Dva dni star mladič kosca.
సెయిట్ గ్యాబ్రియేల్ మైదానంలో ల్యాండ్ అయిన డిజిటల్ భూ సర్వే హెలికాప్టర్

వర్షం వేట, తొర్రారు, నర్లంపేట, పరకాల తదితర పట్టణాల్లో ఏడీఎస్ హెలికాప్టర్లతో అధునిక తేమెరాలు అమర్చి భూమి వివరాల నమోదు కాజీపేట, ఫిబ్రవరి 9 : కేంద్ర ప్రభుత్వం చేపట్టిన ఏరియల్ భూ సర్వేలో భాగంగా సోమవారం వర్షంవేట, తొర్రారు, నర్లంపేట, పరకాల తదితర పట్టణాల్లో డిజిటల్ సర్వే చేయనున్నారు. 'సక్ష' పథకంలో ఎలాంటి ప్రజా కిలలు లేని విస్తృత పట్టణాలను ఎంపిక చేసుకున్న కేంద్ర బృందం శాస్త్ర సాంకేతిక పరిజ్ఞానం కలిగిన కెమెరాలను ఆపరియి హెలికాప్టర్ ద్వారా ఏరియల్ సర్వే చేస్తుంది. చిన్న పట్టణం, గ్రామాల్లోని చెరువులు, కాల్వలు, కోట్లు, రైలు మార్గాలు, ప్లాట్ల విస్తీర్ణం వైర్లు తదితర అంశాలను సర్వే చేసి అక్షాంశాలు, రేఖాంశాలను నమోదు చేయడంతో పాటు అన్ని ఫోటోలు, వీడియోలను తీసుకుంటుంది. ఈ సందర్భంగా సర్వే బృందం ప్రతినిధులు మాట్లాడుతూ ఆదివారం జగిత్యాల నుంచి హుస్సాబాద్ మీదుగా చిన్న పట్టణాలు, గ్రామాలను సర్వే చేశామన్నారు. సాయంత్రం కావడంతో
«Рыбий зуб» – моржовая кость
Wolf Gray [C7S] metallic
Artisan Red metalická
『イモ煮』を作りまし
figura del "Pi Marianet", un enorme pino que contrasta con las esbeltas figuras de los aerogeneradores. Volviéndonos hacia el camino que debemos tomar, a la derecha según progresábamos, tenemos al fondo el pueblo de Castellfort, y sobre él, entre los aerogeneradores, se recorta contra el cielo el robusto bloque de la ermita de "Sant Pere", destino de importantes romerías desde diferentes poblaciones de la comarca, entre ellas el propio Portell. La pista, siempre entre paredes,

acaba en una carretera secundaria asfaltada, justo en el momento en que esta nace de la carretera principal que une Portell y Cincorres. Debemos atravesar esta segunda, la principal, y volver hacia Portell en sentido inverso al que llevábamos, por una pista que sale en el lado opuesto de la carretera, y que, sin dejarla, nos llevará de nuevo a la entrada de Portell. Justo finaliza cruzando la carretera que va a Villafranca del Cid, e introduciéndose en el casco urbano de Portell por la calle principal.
...
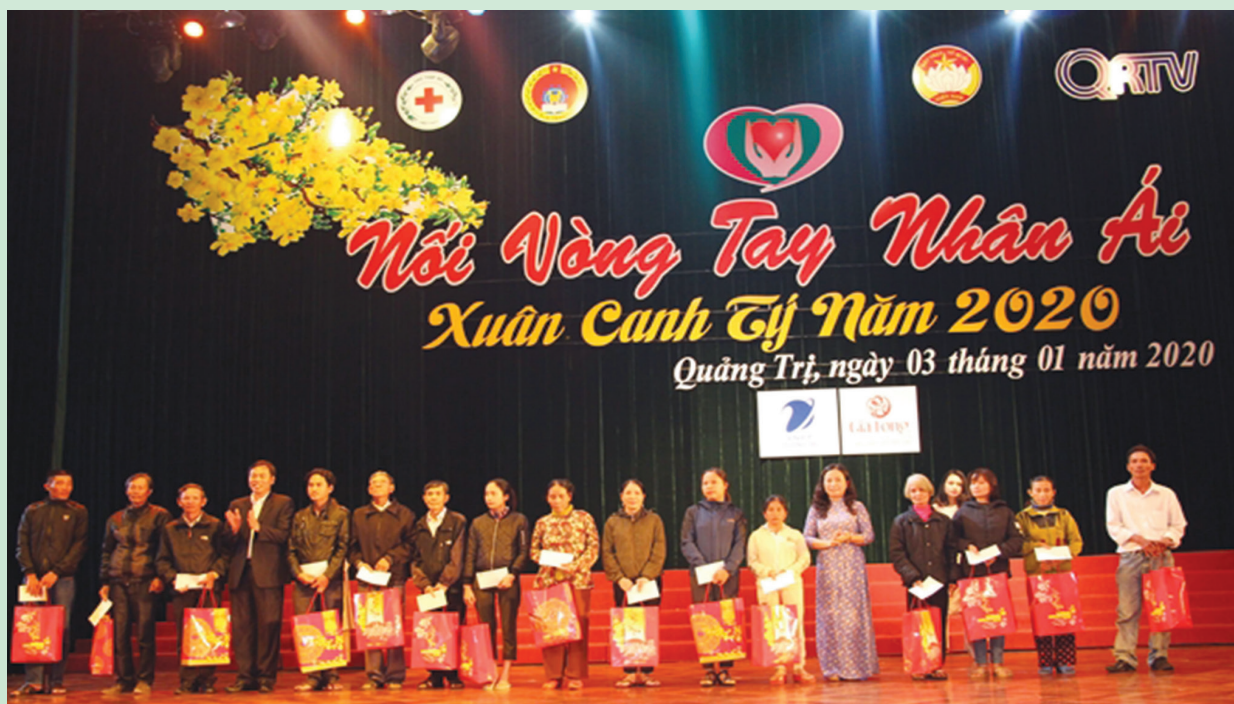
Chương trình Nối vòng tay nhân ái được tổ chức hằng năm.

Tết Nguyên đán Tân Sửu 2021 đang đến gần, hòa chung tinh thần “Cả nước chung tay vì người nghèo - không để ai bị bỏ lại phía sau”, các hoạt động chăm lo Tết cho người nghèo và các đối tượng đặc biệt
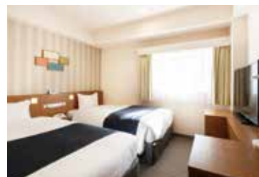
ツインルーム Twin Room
---
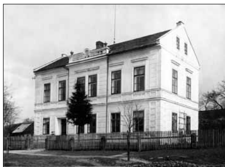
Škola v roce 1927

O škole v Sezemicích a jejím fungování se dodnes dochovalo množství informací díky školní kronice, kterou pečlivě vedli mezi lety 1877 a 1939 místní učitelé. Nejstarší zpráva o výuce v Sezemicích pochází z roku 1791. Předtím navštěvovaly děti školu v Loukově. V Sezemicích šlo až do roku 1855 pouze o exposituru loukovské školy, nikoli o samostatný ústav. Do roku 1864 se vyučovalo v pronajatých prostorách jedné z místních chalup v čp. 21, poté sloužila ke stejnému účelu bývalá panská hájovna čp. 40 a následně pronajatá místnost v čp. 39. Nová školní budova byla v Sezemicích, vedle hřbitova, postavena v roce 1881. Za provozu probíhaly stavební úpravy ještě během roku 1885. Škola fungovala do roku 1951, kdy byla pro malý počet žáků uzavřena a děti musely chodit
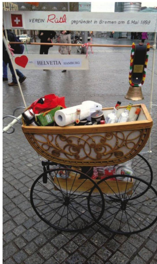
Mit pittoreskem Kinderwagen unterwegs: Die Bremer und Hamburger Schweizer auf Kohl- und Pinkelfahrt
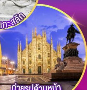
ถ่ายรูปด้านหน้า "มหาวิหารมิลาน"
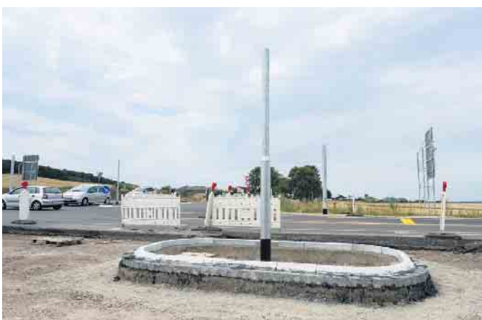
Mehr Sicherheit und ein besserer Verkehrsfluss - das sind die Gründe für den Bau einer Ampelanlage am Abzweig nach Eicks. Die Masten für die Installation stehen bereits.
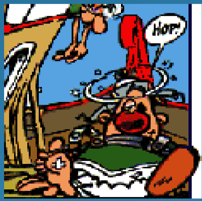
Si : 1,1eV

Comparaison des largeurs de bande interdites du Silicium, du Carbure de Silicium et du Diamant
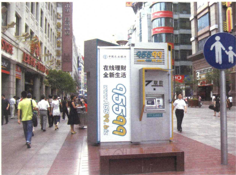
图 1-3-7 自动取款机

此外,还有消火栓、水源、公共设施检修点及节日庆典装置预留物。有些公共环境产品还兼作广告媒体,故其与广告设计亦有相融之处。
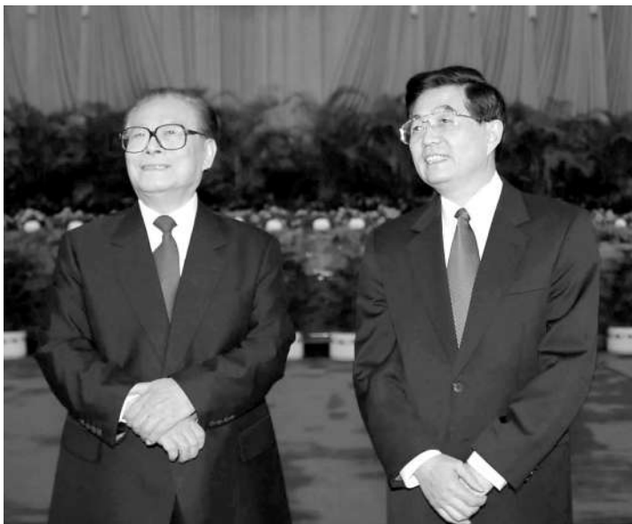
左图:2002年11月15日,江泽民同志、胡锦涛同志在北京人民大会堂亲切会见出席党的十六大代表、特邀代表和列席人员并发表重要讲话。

* [Work to complete]: All lines in the entries above that hold the word "roce" need to be copied.

* [Task output]:
Škola v roce 1927
O škole v Sezemicích a jejím fungování se dodnes dochovalo množství informací díky školní kronice, kterou pečlivě vedli mezi lety 1877 a 1939 místní učitelé. Nejstarší zpráva o výuce v Sezemicích pochází z roku 1791. Předtím navštěvovaly děti školu v Loukově. V Sezemicích šlo až do roku 1855 pouze o exposituru loukovské školy, nikoli o samostatný ústav. Do roku 1864 se vyučovalo v pronajatých prostorách jedné z místních chalup v čp. 21, poté sloužila ke stejnému účelu bývalá panská hájovna čp. 40 a následně pronajatá místnost v čp. 39. Nová školní budova byla v Sezemicích, vedle hřbitova, postavena v roce 1881. Za provozu probíhaly stavební úpravy ještě během roku 1885. Škola fungovala do roku 1951, kdy byla pro malý počet žáků uzavřena a děti musely chodit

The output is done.